* **REQUIRED ACTION**
Under this line sits a listing. Repeat exactly and only its lines from the one holding "Bridal Shiny Stretch" through the one holding "وصف الميزة: مهد"; skip pictures.

* **DATA FOR THIS EXERCISE**
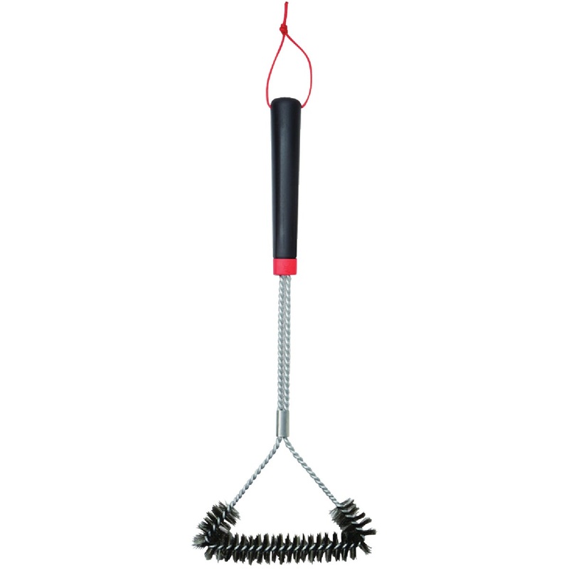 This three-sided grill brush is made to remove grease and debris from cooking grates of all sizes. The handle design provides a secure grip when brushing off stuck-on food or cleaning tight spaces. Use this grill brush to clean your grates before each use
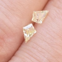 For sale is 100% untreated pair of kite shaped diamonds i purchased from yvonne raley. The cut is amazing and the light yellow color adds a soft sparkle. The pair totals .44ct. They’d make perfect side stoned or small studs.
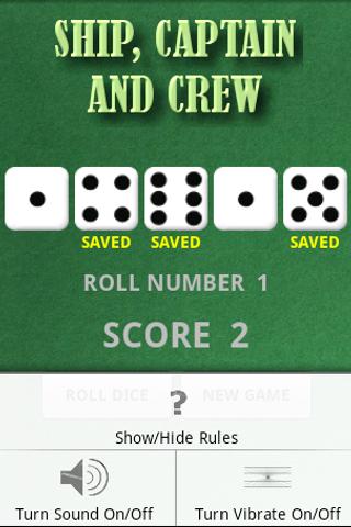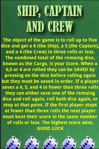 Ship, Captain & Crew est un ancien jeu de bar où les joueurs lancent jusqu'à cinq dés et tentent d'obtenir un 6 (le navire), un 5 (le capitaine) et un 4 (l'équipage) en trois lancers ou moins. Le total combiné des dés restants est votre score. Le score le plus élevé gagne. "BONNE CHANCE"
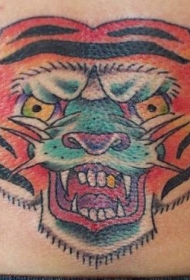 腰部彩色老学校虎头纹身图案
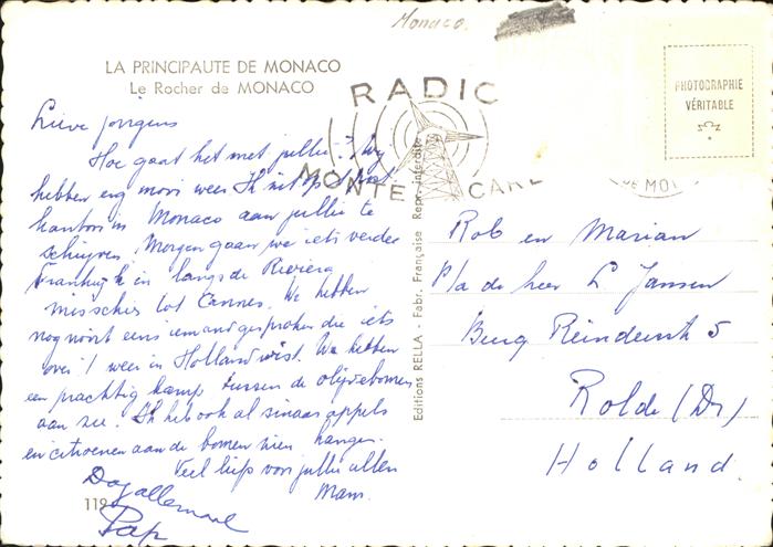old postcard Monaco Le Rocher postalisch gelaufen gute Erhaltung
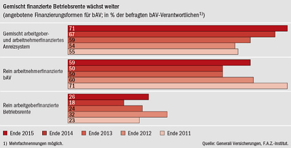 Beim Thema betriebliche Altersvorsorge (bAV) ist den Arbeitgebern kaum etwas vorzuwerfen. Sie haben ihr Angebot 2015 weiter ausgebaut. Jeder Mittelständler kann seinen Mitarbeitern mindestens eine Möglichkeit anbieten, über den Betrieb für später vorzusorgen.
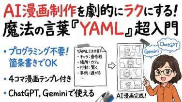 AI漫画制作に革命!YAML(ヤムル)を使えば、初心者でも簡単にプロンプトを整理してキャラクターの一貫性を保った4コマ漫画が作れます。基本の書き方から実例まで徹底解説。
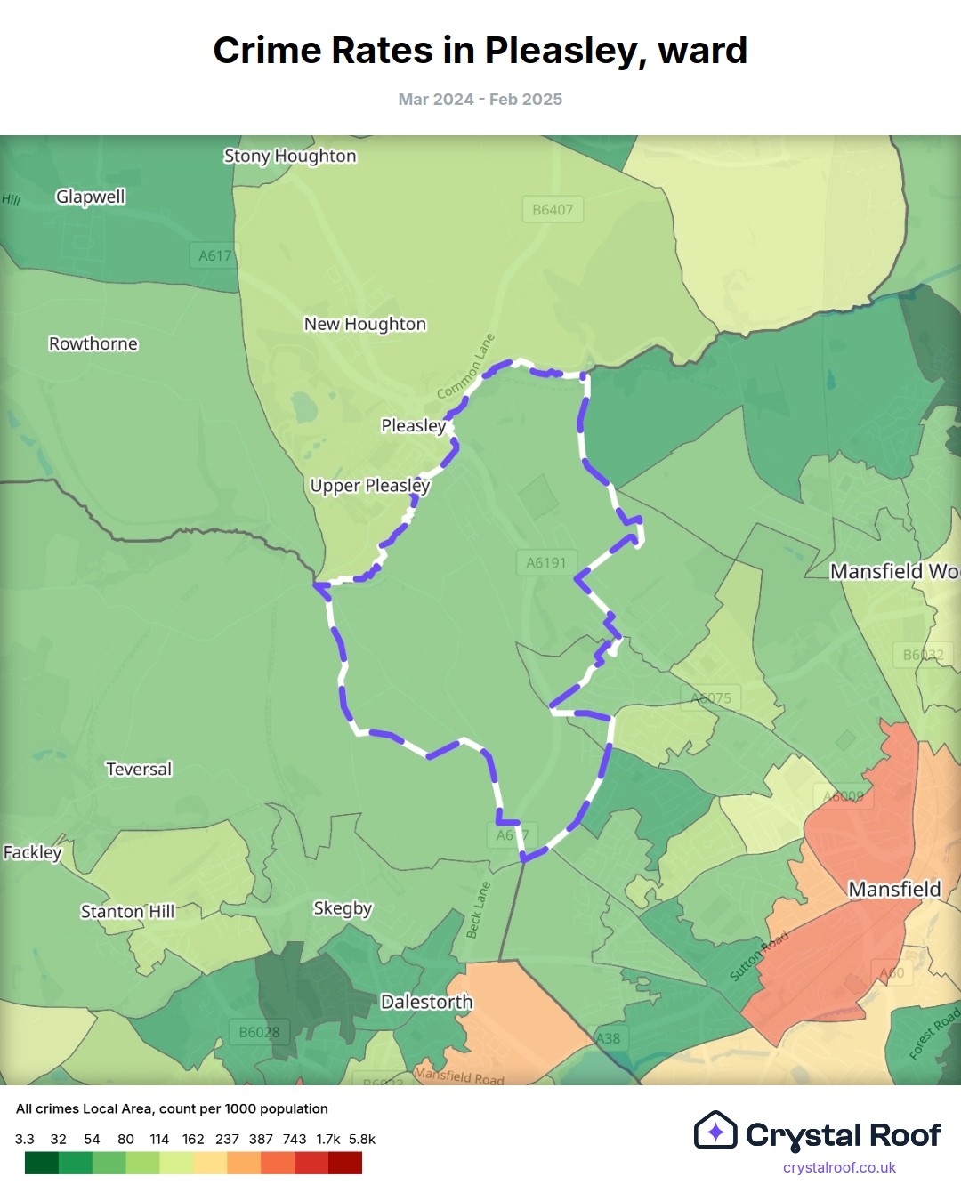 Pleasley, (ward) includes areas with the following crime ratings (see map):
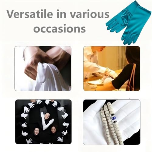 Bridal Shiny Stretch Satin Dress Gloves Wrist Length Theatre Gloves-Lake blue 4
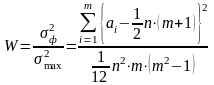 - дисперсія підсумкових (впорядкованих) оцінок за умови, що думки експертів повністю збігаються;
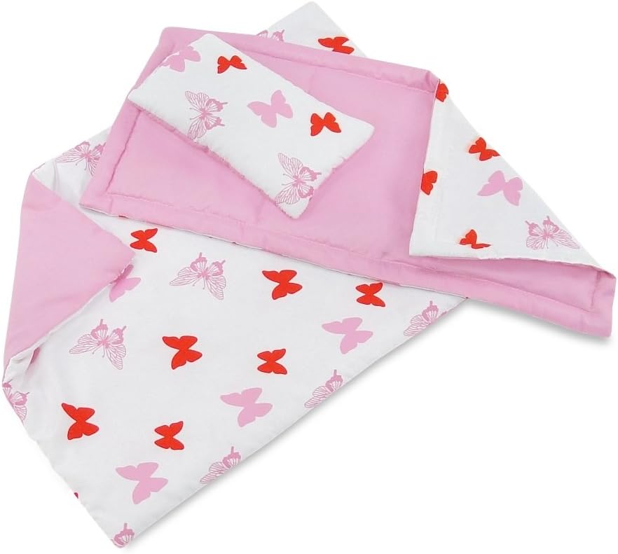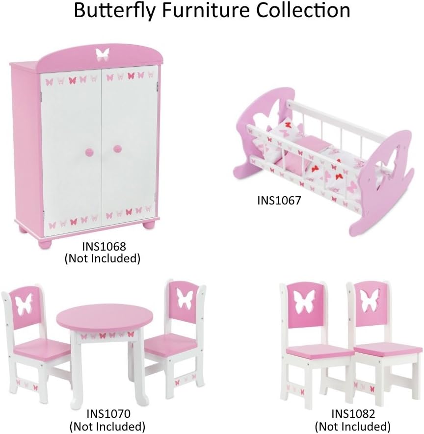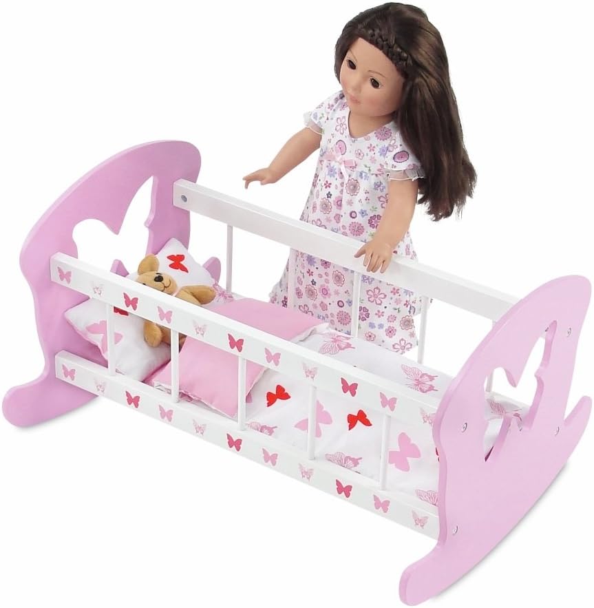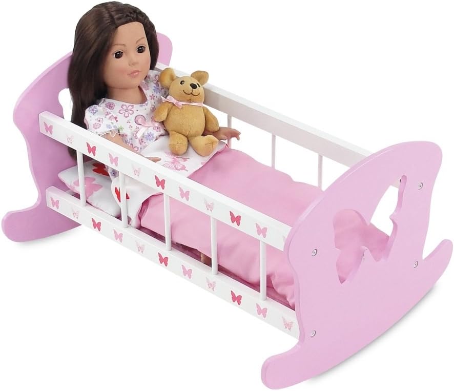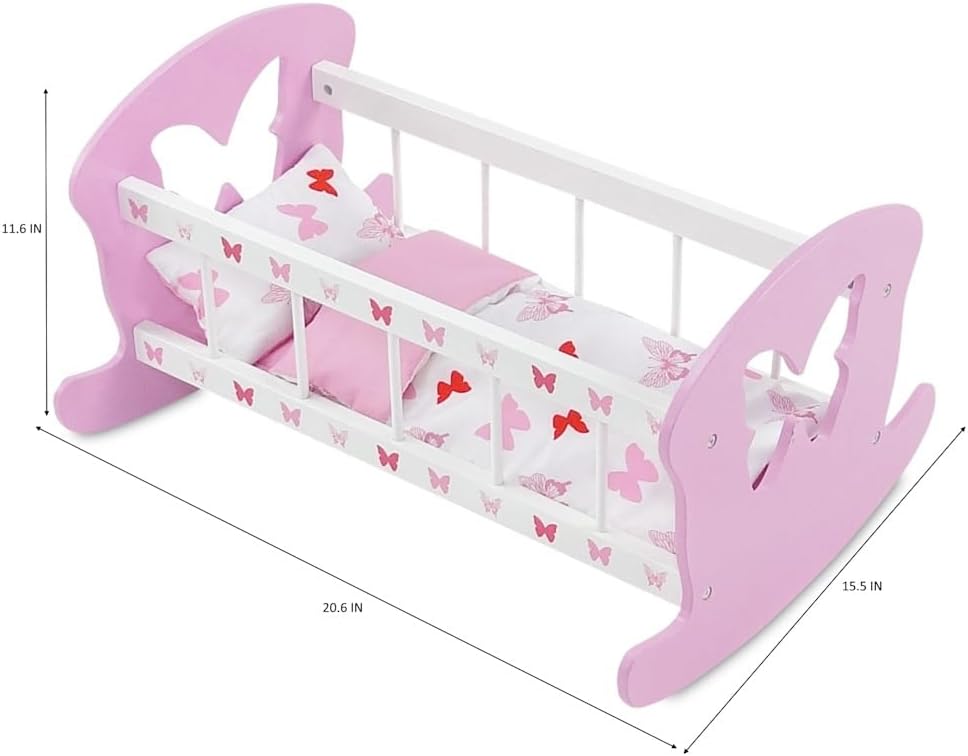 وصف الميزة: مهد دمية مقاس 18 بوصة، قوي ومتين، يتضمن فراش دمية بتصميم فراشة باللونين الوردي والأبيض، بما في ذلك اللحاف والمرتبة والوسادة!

==

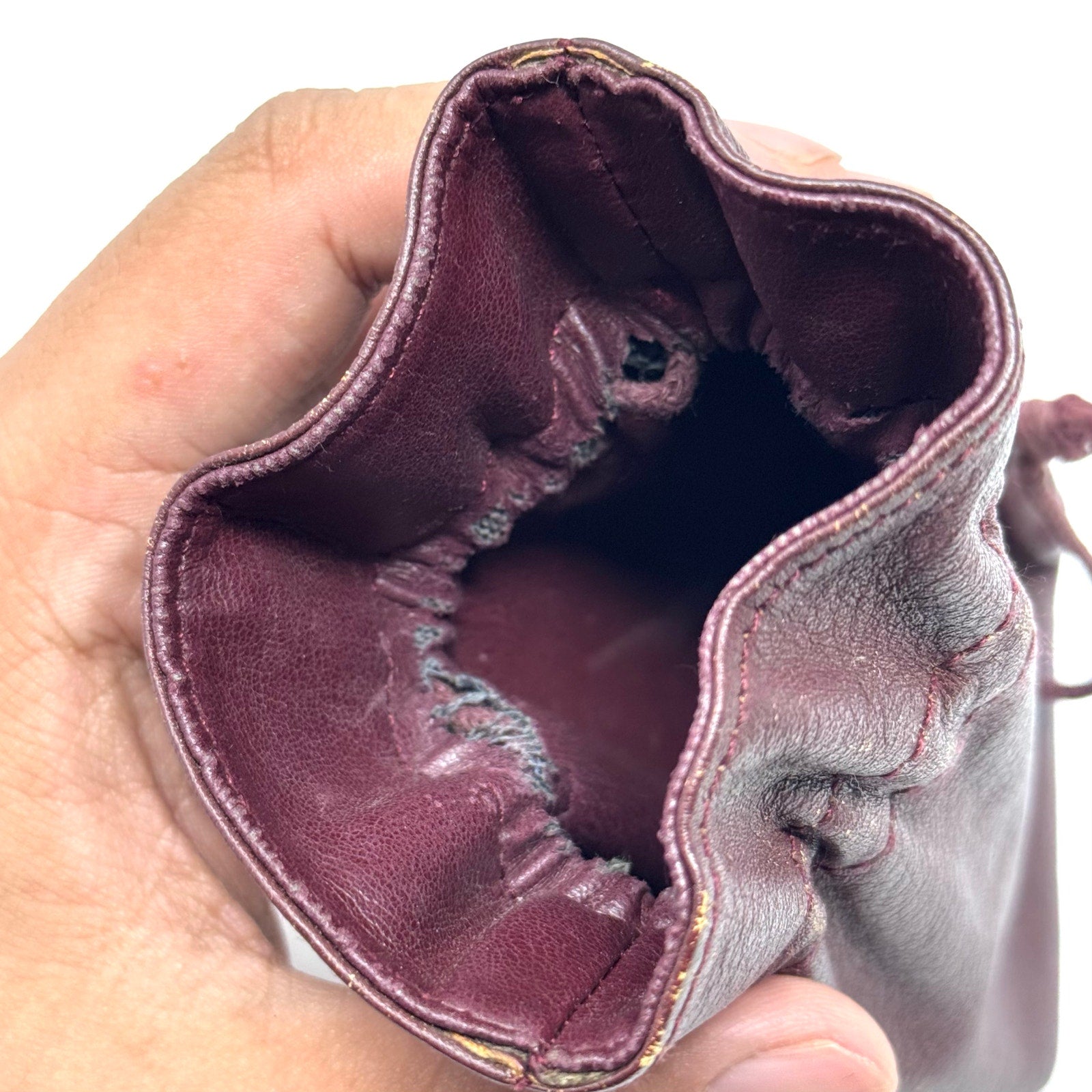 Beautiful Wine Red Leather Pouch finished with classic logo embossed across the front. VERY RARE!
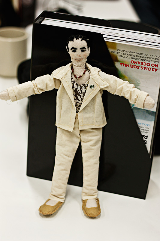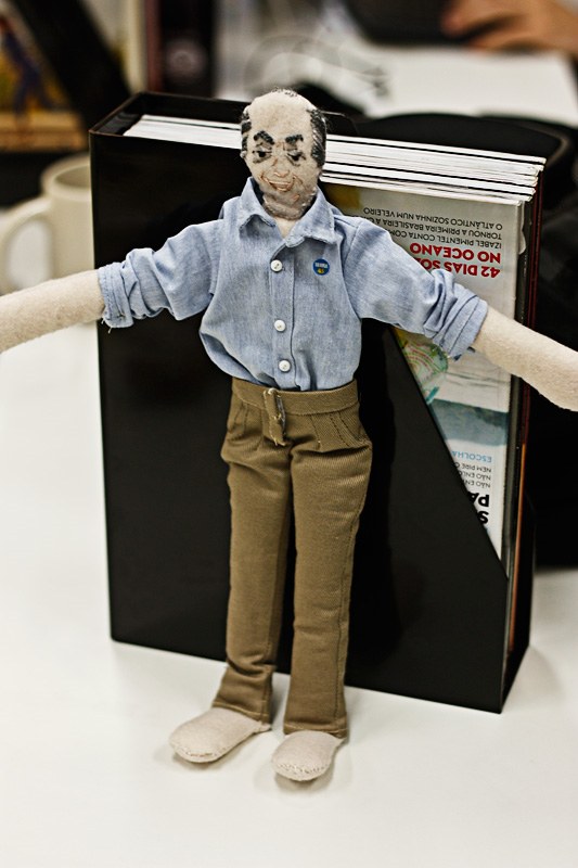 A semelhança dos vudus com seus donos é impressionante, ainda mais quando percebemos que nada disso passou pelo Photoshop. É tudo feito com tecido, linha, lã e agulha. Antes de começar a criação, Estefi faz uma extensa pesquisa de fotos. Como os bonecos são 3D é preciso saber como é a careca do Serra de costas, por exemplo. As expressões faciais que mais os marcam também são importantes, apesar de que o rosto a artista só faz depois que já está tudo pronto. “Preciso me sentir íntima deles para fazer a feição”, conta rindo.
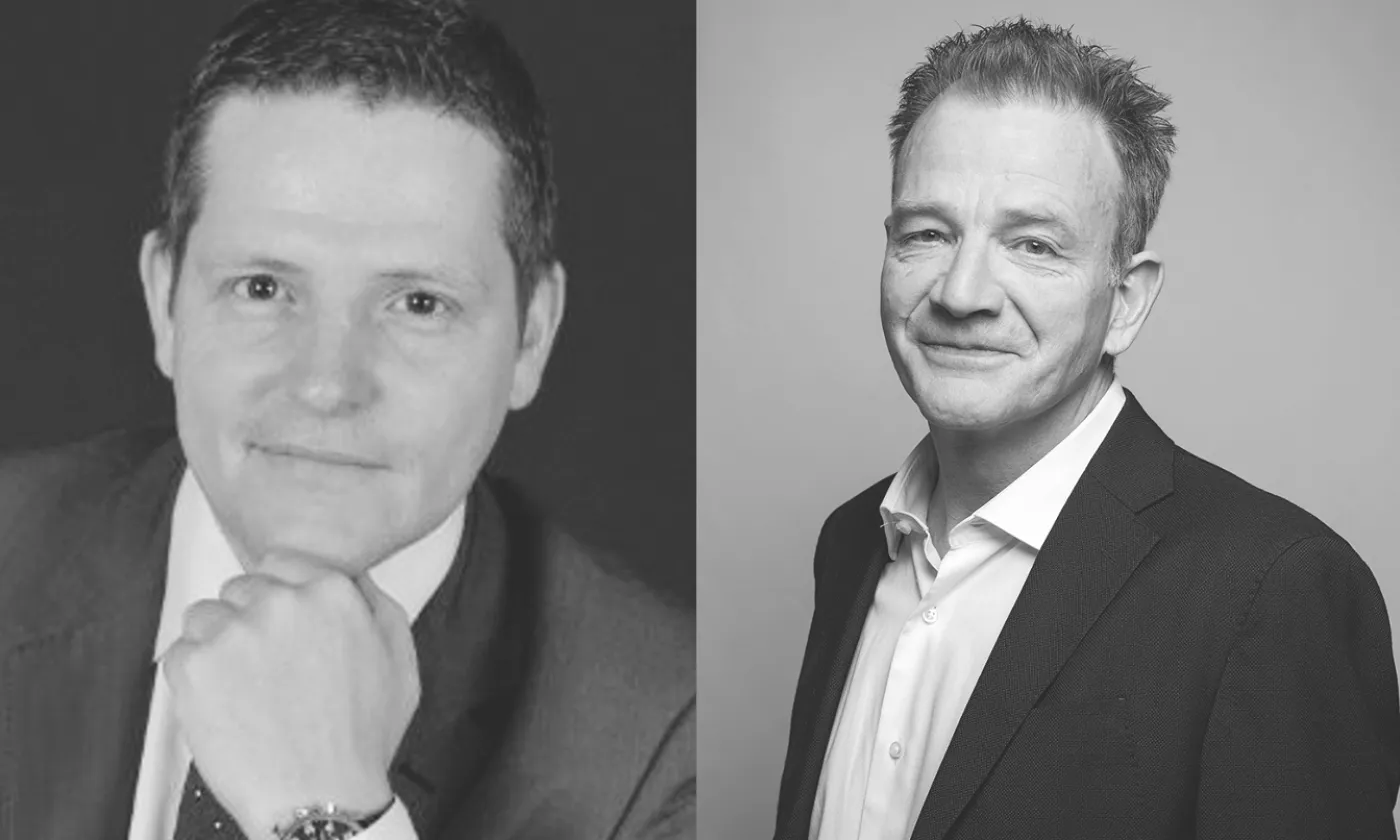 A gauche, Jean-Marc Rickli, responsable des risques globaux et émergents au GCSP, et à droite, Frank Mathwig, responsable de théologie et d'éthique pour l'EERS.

...

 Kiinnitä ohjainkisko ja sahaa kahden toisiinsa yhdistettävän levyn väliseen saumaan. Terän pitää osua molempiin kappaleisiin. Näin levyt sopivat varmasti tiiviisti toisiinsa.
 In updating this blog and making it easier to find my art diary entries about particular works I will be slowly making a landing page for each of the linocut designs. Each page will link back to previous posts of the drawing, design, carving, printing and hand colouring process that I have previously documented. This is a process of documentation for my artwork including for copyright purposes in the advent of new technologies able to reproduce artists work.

* **EXPECTED ANSWER**
 Bridal Shiny Stretch Satin Dress Gloves Wrist Length Theatre Gloves-Lake blue 4
 - дисперсія підсумкових (впорядкованих) оцінок за умови, що думки експертів повністю збігаються;
 وصف الميزة: مهد دمية مقاس 18 بوصة، قوي ومتين، يتضمن فراش دمية بتصميم فراشة باللونين الوردي والأبيض، بما في ذلك اللحاف والمرتبة والوسادة!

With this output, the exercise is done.